This Sunday, I attended a panel at the Brooklyn Book Festival in which moderator Ta-Nehisi Coates started out with a question for the panelists: Does this campaign season matter? Are we learning anything about the candidates? I was in the audience, but my response would be: Yes, it matters, and we’re learning a great deal. But it’s mostly about what the Republican Party really thinks.
While this election season may appear gaffe-tastic, the most viral moments weren’t misspoken words. Rather, they reveal what’s deep in the conservative heart—opinions that many had warned existed for a long time (and had even appeared in real-life legislation) but have now been put into stark relief for the general public. This election season has been highly instructional about deep-seated beliefs on the right.
The latest and perhaps most viral—nabbing Mother Jones, which broke the story, over 8 million visitors—was Romney’s now-infamous hidden camera 47 percent comment.

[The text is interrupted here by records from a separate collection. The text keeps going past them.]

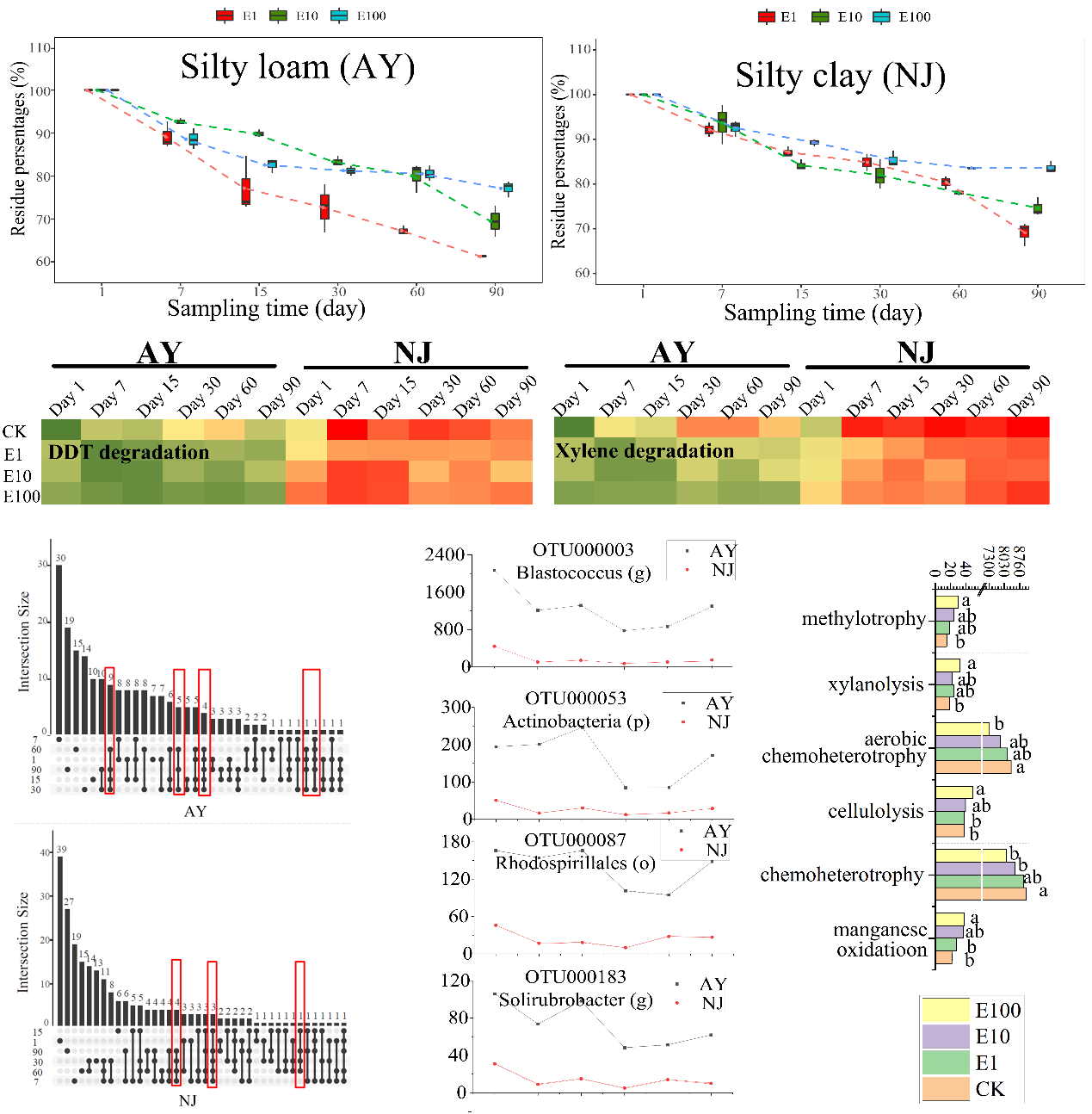 据杜鹏强博士介绍,氟环唑作为一种广谱的三唑类杀菌剂,进入土壤长期积累将严重威胁生态平衡和人类健康。本研究通过对典型土壤进行室内培养和分析,利用二代测序技术监测土壤微生物的变化,研究了氟环唑对土壤功能的潜在威胁。分析发现Blastococcus、Luedemannella、Solirubrobacter、Geodermatophilus、Rhodospirillales、Pseudonocardia、Luedemannella、Nocardioides、Gemmatimonas等39种细菌在氟环唑降解过程中发挥关键作用,且Blastococcus、Luedemannella、Solirubrobacter、Geodermatophilus、Rhodospirillales丰度在粉砂壤土中比粉砂粘土高出2倍多,证实了微生物因素是影响氟环唑在不同土壤中降解效率的关键因子。通过比对21条参与有机污染物降解通路发现,有多达19条通路的活性在氟环唑的作用下显著升高。同时,两种土壤中C、N、S、Mn代谢受到干扰,影响作物的营养吸收,对作物生长和抗病造成一定威胁。
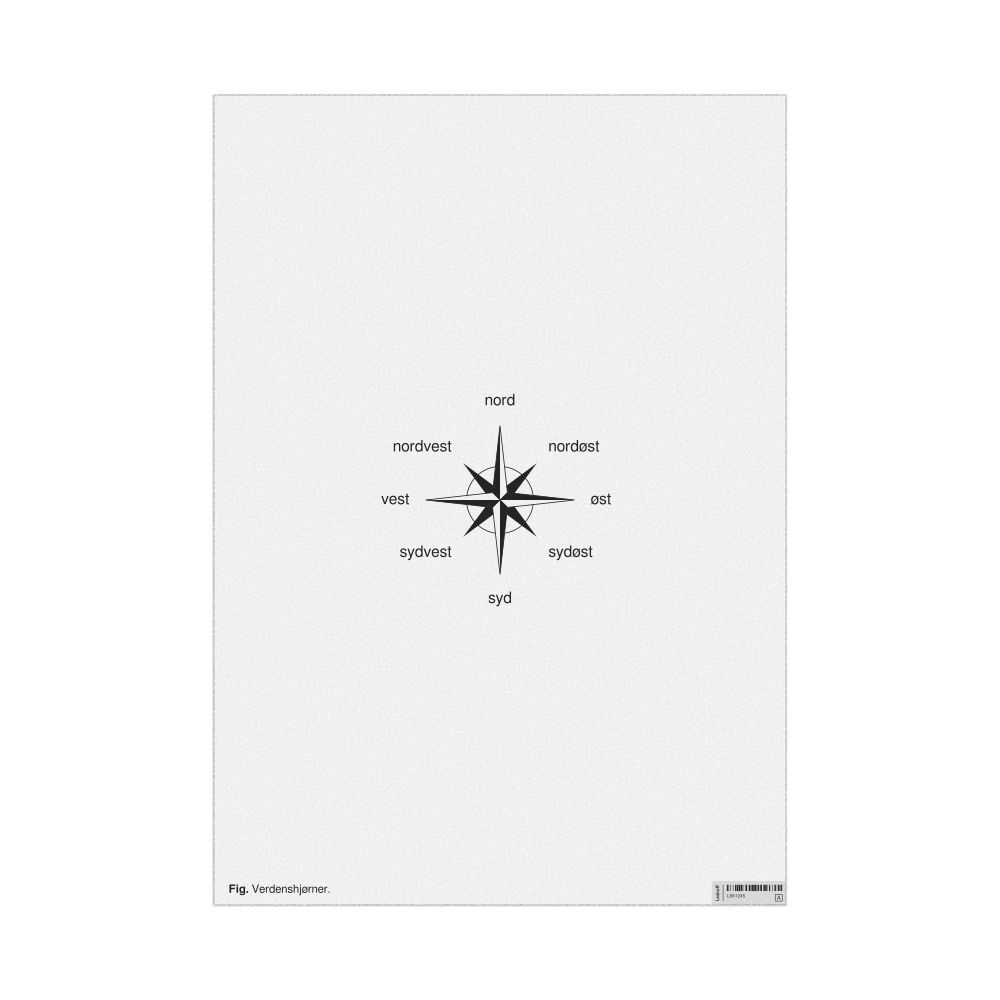 A poster of the cardinal directions (also known as compass points) in Danish (Verdenshjørner).
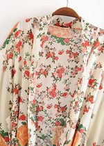 Long Boho Kimono White decorated with flowers
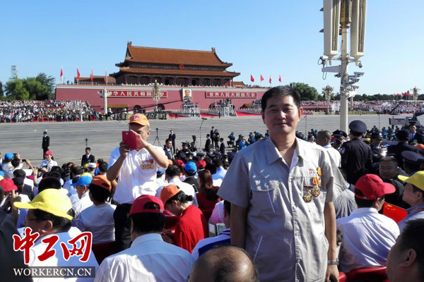 河北钢铁集团唐山钢铁集团有限责任公司首席操作技能专家郑久强刚到观礼台,就拉着一身工装的新疆油田公司勘探开发研究院开发所副总地质师木合塔尔,以天安门为背景,让别人帮忙拍下了一张合影。
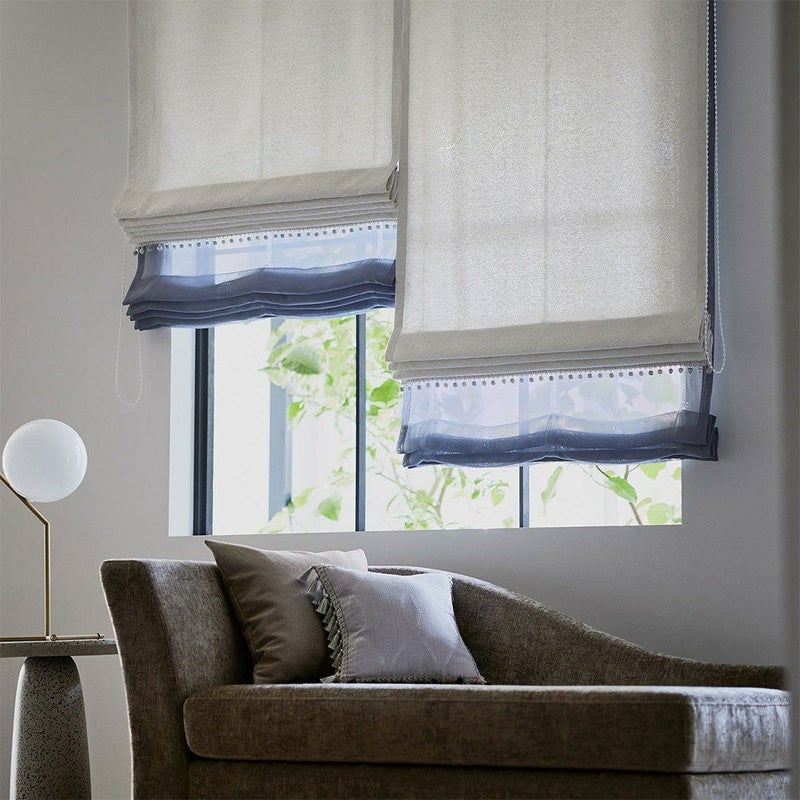 カーテンと同じ生地で仕立てるシェードは、空間に統一感をもたらし、洗練された雰囲気を演出。ヒダのないフラットな仕上がりは、小窓や腰窓をすっきりと見せ、ソファや棚を窓下に置いても空間を有効に使えるのも嬉しいポイント。1cm単位のサイズオーダーが可能なので、どんな窓にも寄り添い、美しい仕立てが叶います。ご希望の方はお問合せください。
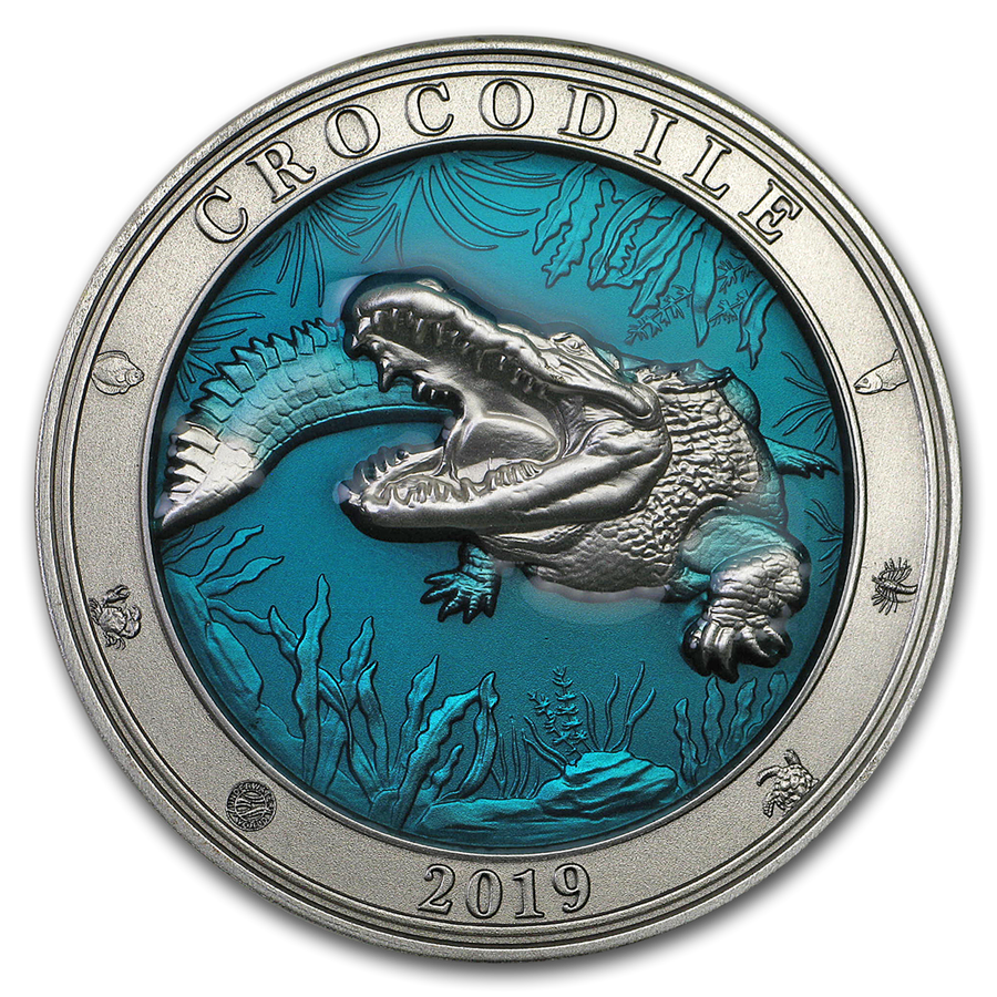 Изображение крокодила, появляющегося из синей эмали. Сверху название монеты, внизу — год выпуска.
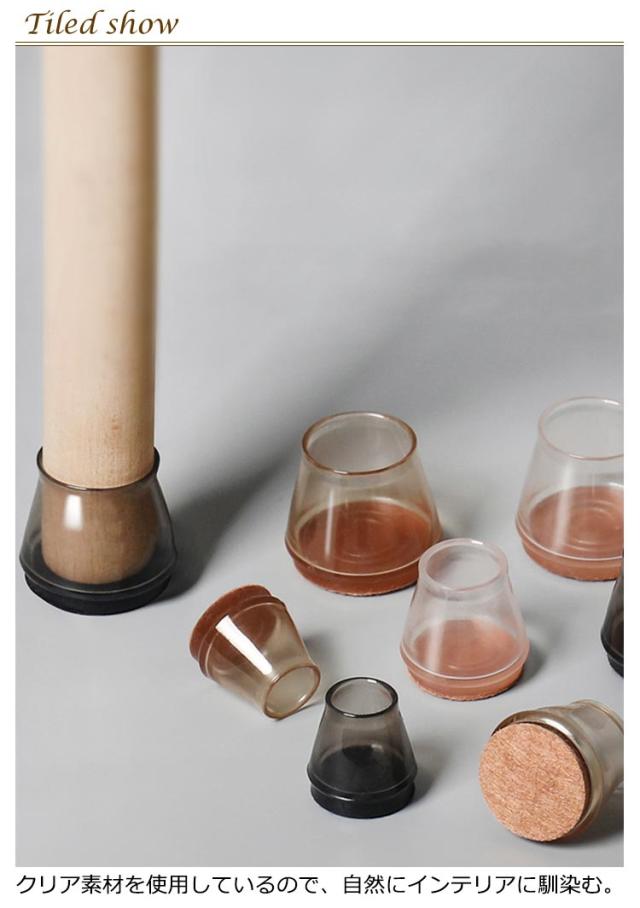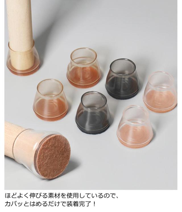 | クリア仕様でおしゃれに椅子の脚をカバー!カパッとはめるだけの簡単装着。 3色展開でインテリアに合わせてお選びいただけます。 水洗い出来るので、清潔に繰り返してご使用いただけます。 底部のフェルトがシリコン素材と一体のため、フェルトが取れるのを防ぎます。 椅子脚とフローリングが擦れる嫌な音もなくなり、小さいお子様がいるご家庭、お掃除などの際に役立ちます。 椅子4脚分がセットになった嬉しい16個入り!お引越しや模様替えのタイミングで揃えるのもGOOD。 | |
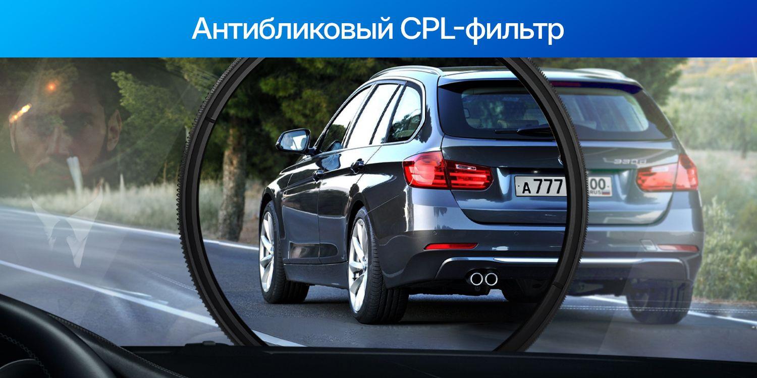 Вместе с устройством поставляется антибликовый CPL-фильтр, который эффективно устраняет солнечные блики и отражения от лобового стекла. Благодаря этому изображение становится чище и контрастнее, а все детали дорожной обстановки фиксируются максимально отчётливо даже при сложных условиях освещения
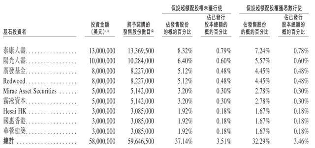 群核科技基石投资者分别为泰康人寿、阳光人寿、广发基金、弘毅投资旗下Redwood、Mirae Asset Securities、雾凇资本、Hesai HK (禾赛科技)、国惠香港、华营建筑,一共认购5800万美元(约4.54亿港元)。
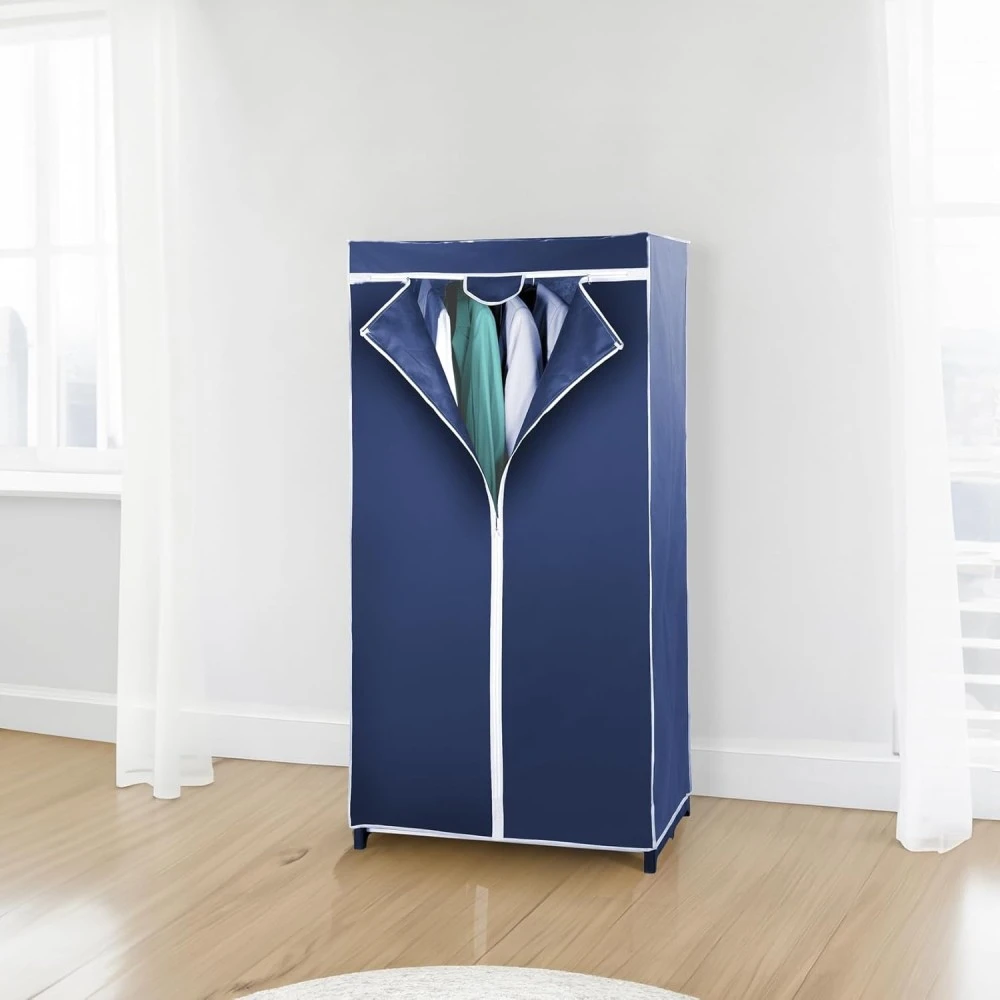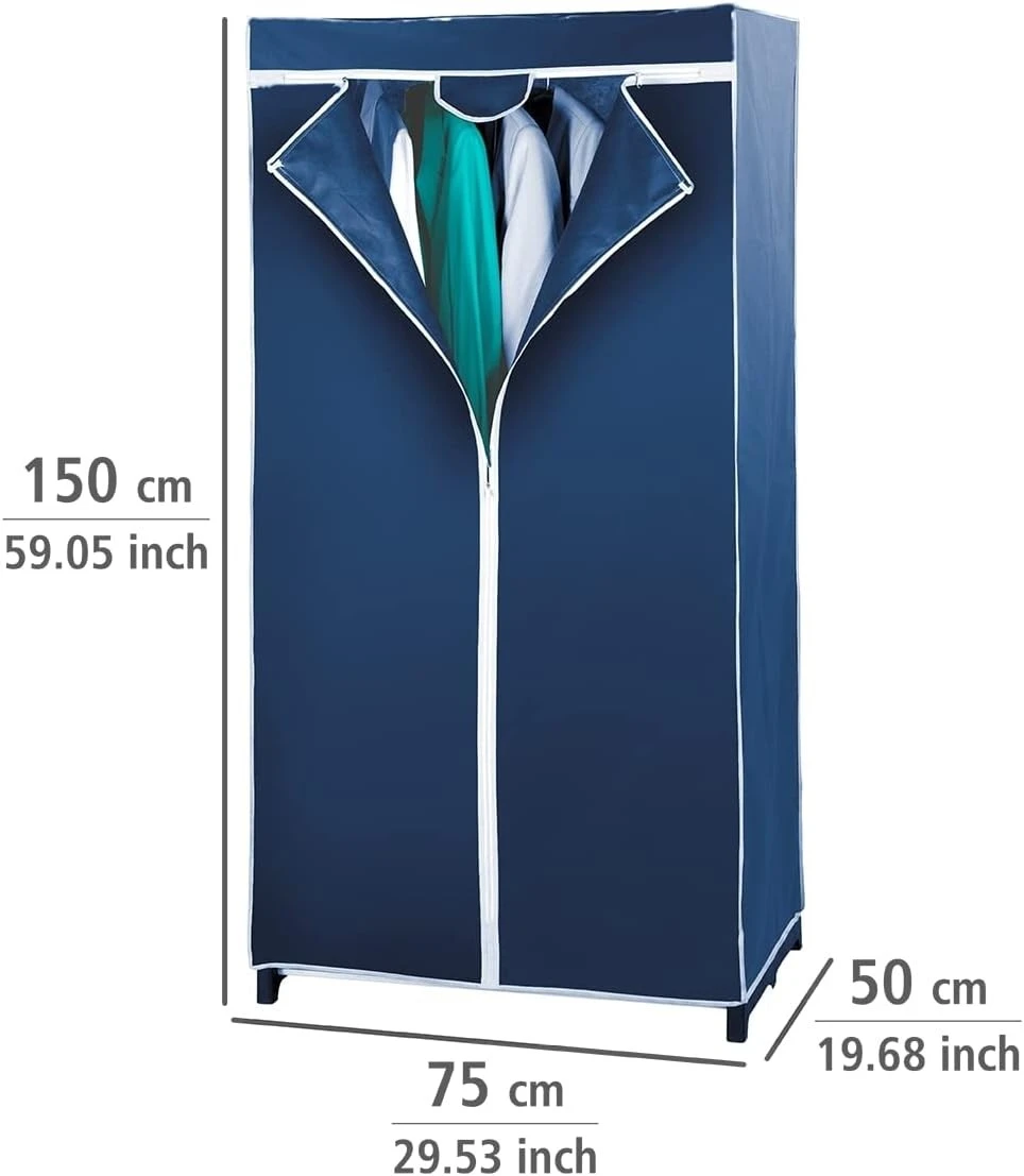 FITTO Wardrobe Storage Organizer – Breathable Nonwoven Fabric Closet with Zip Closure, Sturdy Metal Frame, Space-Saving Design for Dust-Free Textile Storage, Blue, 75 x 150 x 50 cm
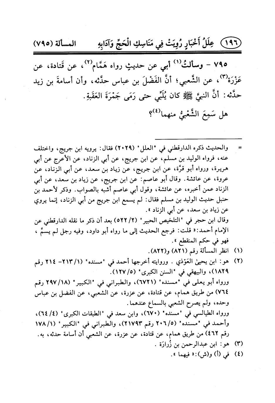 عَنْ قَتادة، عَنْ عَزْرَة (٣) ، عَنِ الشَّعبي؛ أنَّ الفَضْلَ بْنَ عباس حدَّثه، وأن أسامةَ بْنَ زَيْدٍ حدَّثه: أنَّ النبيَّ (ص) كَانَ يُلَبِّي حَتَّى رَمَى جَمْرَةَ العَقَبةِ.

Here’s what he said:
There are 47 percent of the people…. who are dependent upon government, who believe that they are victims, who believe the government has a responsibility to care for them, who believe that they are entitled to health care, to food, to housing, to you-name-it. That that’s an entitlement. And the government should give it to them. And they will vote for this president no matter what… These are people who pay no income tax. Forty-seven percent of Americans pay no income tax…. And so my job is not to worry about those people. I’ll never convince them they should take personal responsibility and care for their lives.
Romney has stood by his comments, with his economic adviser swearing to “triple down” on them. And in fact the ideas he expresses are nothing new to the party. Worse, given the candidness of the moment, Romney expressed what can only be characterized as unabashed disdain for half of the country. It’s not just that he’s worried, as the conservatives who cling to the 47 percent figure explain, that this constituency won’t vote for tax cuts and instead will vote for higher social safety net payouts. He dismisses them entirely because he can “never convince them they should take personal responsibility and care for their lives.”
What that sentiment leaves out, of course, is that while these Americans didn’t pay income taxes (thanks to many policies pushed into law by Republicans themselves), it doesn’t mean they don’t pay any taxes. Over 60 percent of them paid payroll taxes, which means that they also held jobs. Nearly everyone pays sales tax. Another 22 percent of this group was elderly. Add that up, and what he’s mostly talking about are the working poor and low-income older Americans. These are the people that Romney dismisses as taking no responsibility for their lives.